Data extracts
· · · · · · ·

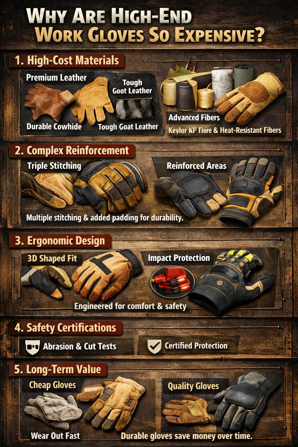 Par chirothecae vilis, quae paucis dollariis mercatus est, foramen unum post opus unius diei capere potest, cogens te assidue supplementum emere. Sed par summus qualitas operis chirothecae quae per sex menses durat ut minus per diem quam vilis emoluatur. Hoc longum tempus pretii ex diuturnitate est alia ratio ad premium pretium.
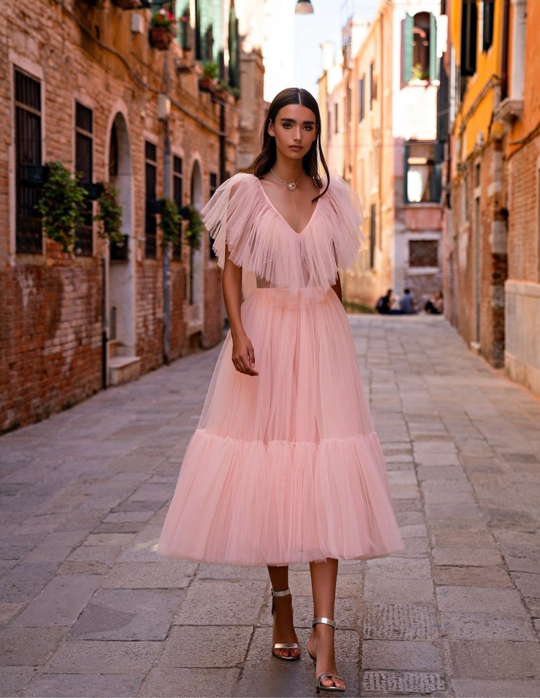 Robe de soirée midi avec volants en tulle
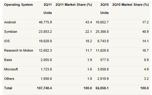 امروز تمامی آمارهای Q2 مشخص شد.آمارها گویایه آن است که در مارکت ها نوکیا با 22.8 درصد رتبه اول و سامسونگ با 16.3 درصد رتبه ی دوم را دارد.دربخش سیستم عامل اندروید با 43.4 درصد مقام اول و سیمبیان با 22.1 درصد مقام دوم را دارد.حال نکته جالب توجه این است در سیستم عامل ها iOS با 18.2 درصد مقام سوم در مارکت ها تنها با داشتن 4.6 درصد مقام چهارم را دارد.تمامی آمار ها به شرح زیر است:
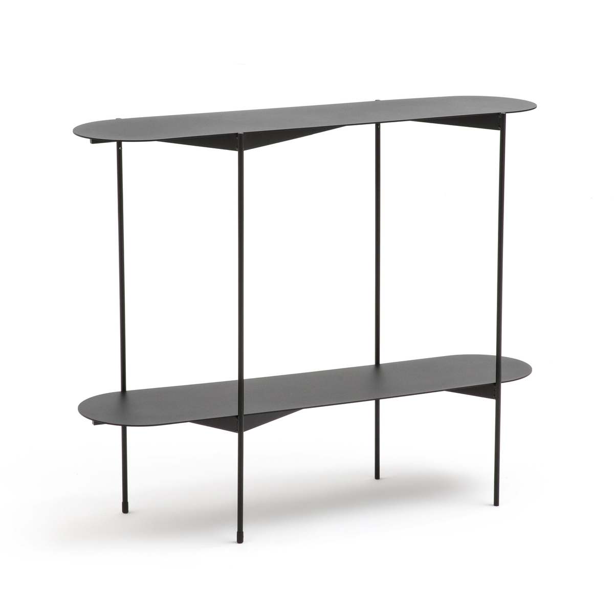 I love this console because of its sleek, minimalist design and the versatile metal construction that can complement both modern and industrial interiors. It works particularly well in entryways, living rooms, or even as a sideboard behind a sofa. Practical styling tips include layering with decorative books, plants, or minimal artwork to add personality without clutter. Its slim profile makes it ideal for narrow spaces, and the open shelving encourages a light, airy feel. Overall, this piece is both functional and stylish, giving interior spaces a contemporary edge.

· · · · · · ·

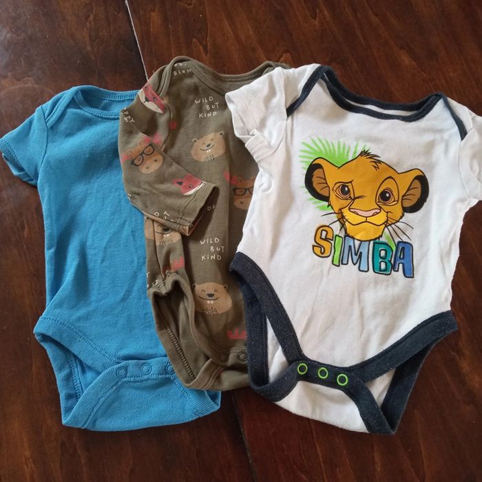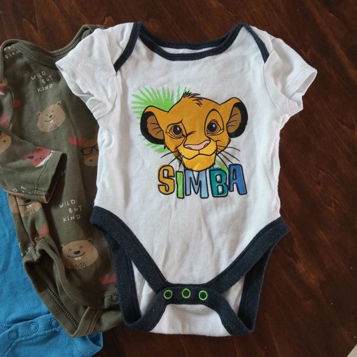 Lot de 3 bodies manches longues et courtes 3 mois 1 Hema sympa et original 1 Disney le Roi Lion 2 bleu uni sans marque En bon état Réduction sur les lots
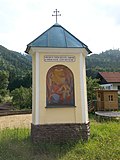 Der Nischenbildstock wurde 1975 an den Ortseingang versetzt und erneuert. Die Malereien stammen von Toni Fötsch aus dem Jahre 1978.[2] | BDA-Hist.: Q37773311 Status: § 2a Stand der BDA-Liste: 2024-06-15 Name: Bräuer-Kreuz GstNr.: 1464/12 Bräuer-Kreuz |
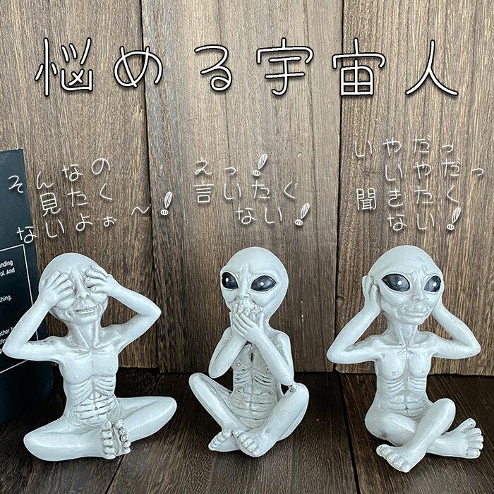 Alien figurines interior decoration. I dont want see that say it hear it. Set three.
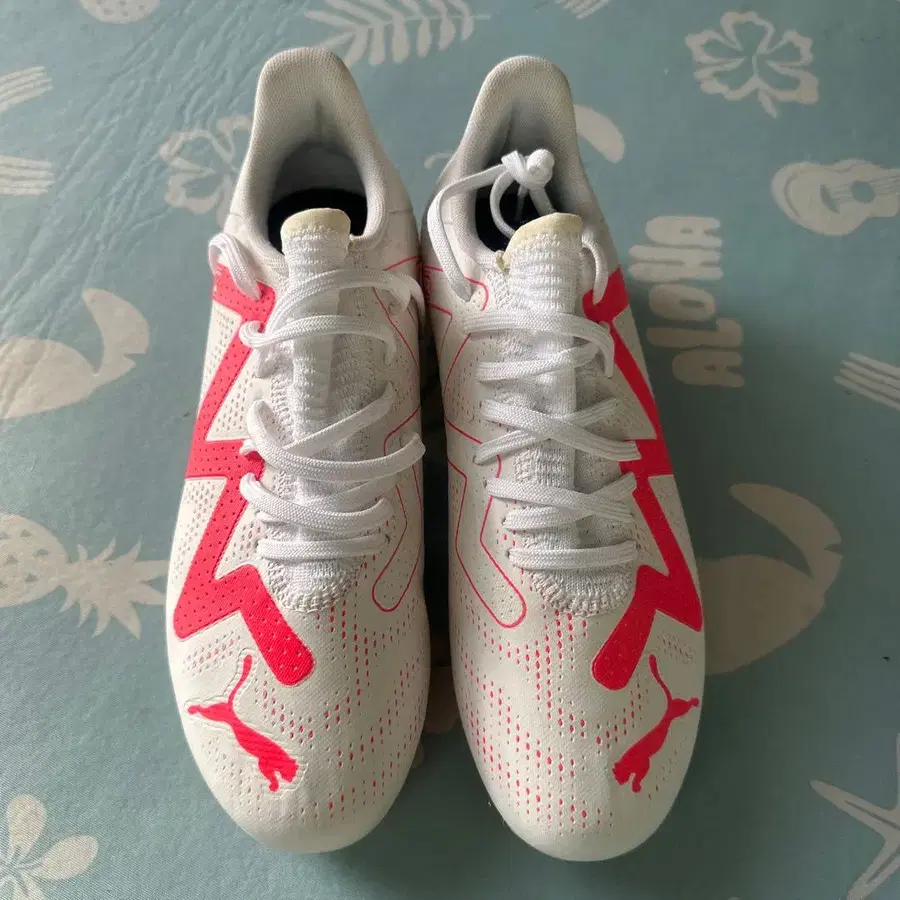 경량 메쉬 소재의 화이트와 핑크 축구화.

· · · · · · ·

What the task requires
Within the data above, repeat exactly the lines from the one bearing "Der Nischenbildstock wurde" through the one bearing "경량 메쉬 소재의 화이트와 핑크 축구화.". Include no pictures and nothing else.

Output of the exercise
 Der Nischenbildstock wurde 1975 an den Ortseingang versetzt und erneuert. Die Malereien stammen von Toni Fötsch aus dem Jahre 1978.[2] | BDA-Hist.: Q37773311 Status: § 2a Stand der BDA-Liste: 2024-06-15 Name: Bräuer-Kreuz GstNr.: 1464/12 Bräuer-Kreuz |
 Alien figurines interior decoration. I dont want see that say it hear it. Set three.
 경량 메쉬 소재의 화이트와 핑크 축구화.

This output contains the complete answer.